Attack scenarios include:
- Phishing emails to LimeSurvey administrators containing malicious links
- Social engineering attacks targeting survey creators
- Forum or comment spam with embedded malicious URLs
// Security patch in application/models/QuestionCreate.php
// Fixed issue #20239: [security] Reflected Cross-Site Scripting (#4428)
if (empty($oSurvey)) {
throw new Exception('Found no survey with id ' . json_encode($iSurveyId));
}
- $gid = Yii::app()->request->getParam('gid', 0);
+ $gid = (int)Yii::app()->request->getParam('gid', 0);
if ($gid == 0) {
$gid = array_values($oSurvey->groups)[0]->gid;
}
Source: GitHub LimeSurvey Commit
Detection Methods for CVE-2025-63238
Indicators of Compromise
- Suspicious URLs containing JavaScript code or encoded script payloads in the gid parameter targeting LimeSurvey endpoints
- Web server logs showing requests to QuestionCreate.php or related endpoints with non-numeric gid values
- User reports of unexpected browser behavior or security warnings when accessing LimeSurvey links
Detection Strategies
- Implement Web Application Firewall (WAF) rules to detect and block XSS payloads in URL parameters, specifically targeting the gid parameter
- Monitor HTTP access logs for requests containing script tags, JavaScript event handlers, or encoded XSS payloads in query strings
- Deploy Content Security Policy (CSP) headers to mitigate the impact of successful XSS exploitation
Monitoring Recommendations
- Enable detailed logging for all LimeSurvey administrative actions and review for anomalous activity
- Set up alerts for unusual patterns of survey modifications or administrative changes following external link referrals
- Monitor for session anomalies such as rapid IP changes or concurrent sessions that may indicate session hijacking
How to Mitigate CVE-2025-63238
Immediate Actions Required
- Upgrade LimeSurvey to version 6.15.11+250909 or later immediately
- Review web server logs for any suspicious requests targeting the gid parameter with non-numeric values
- Implement CSP headers to reduce the impact of potential XSS attacks
- Educate users about the risks of clicking suspicious links
Patch Information
The vulnerability has been addressed in the official LimeSurvey commit which adds integer type casting to the gid parameter.
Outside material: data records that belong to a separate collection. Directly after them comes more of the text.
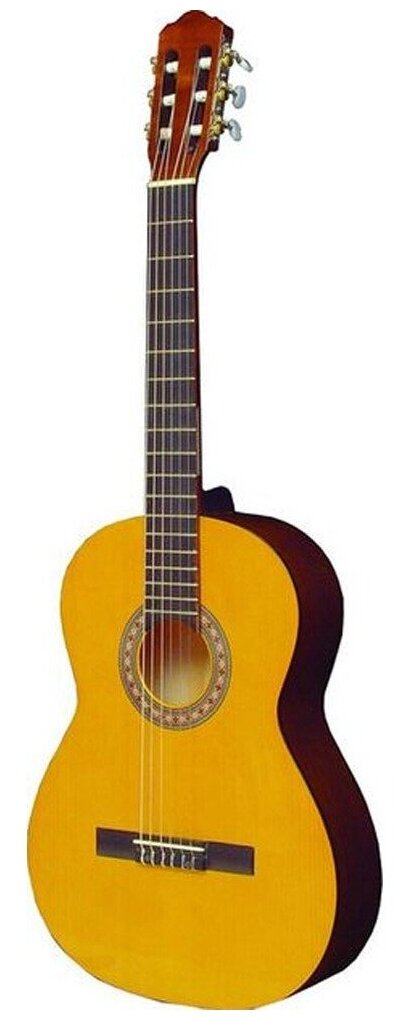 Type: classical guitar, number of frets: 18, number of strings: 6, body material: laminate, neck material: maple, color: black
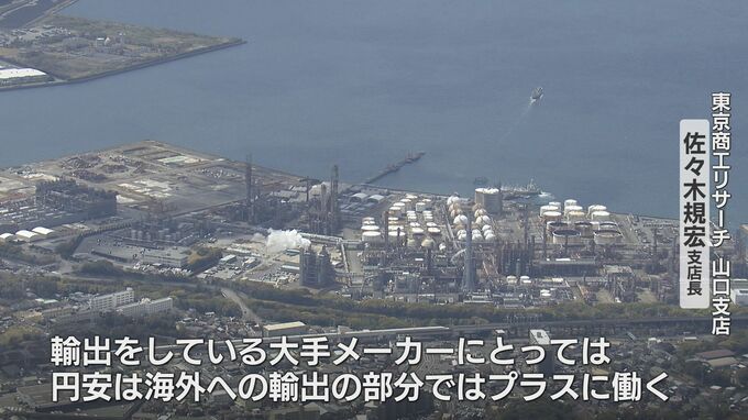 「大手の製造業者っていうのがたくさん生産拠点を持っているというのが山口県の特徴ですので、輸出をしている大手メーカーさんにとっては、わりとまあ円安っていうのは海外への輸出の部分ではプラスに働くってことがあるんですけども」
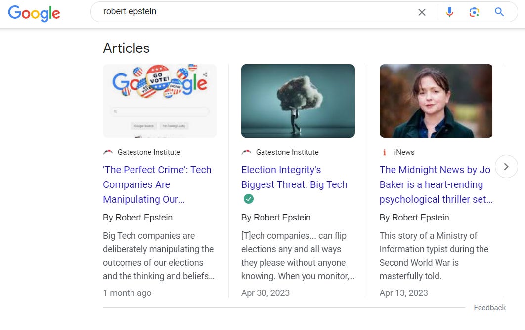 Reporters better than us and academics smarter than us have spent a lot of their valuable time debunking Epstein’s research on Google’s alleged election interference. We won’t bother to go down that rabbit hole, other than to say it is easily debunkable.

The fix ensures that only numeric values are accepted, preventing the injection of malicious scripts. Users should upgrade to version 6.15.11+250909 or later to receive this security fix.
Workarounds
- If immediate patching is not possible, implement a reverse proxy or WAF rule to sanitize or block non-numeric gid parameter values
- Restrict access to LimeSurvey administrative interfaces to trusted IP addresses only
- Apply the manual patch by modifying application/models/QuestionCreate.php to cast gid as an integer: $gid = (int)Yii::app()->request->getParam('gid', 0);
# Configuration example - Apply integer cast patch manually
# Navigate to LimeSurvey installation directory
cd /var/www/limesurvey
# Backup the original file
cp application/models/QuestionCreate.php application/models/QuestionCreate.php.bak
# Apply the fix by replacing the vulnerable line
sed -i "s/\$gid = Yii::app()->request->getParam('gid', 0);/\$gid = (int)Yii::app()->request->getParam('gid', 0);/g" application/models/QuestionCreate.php
Disclaimer: This content was generated using AI. While we strive for accuracy, please verify critical information with official sources.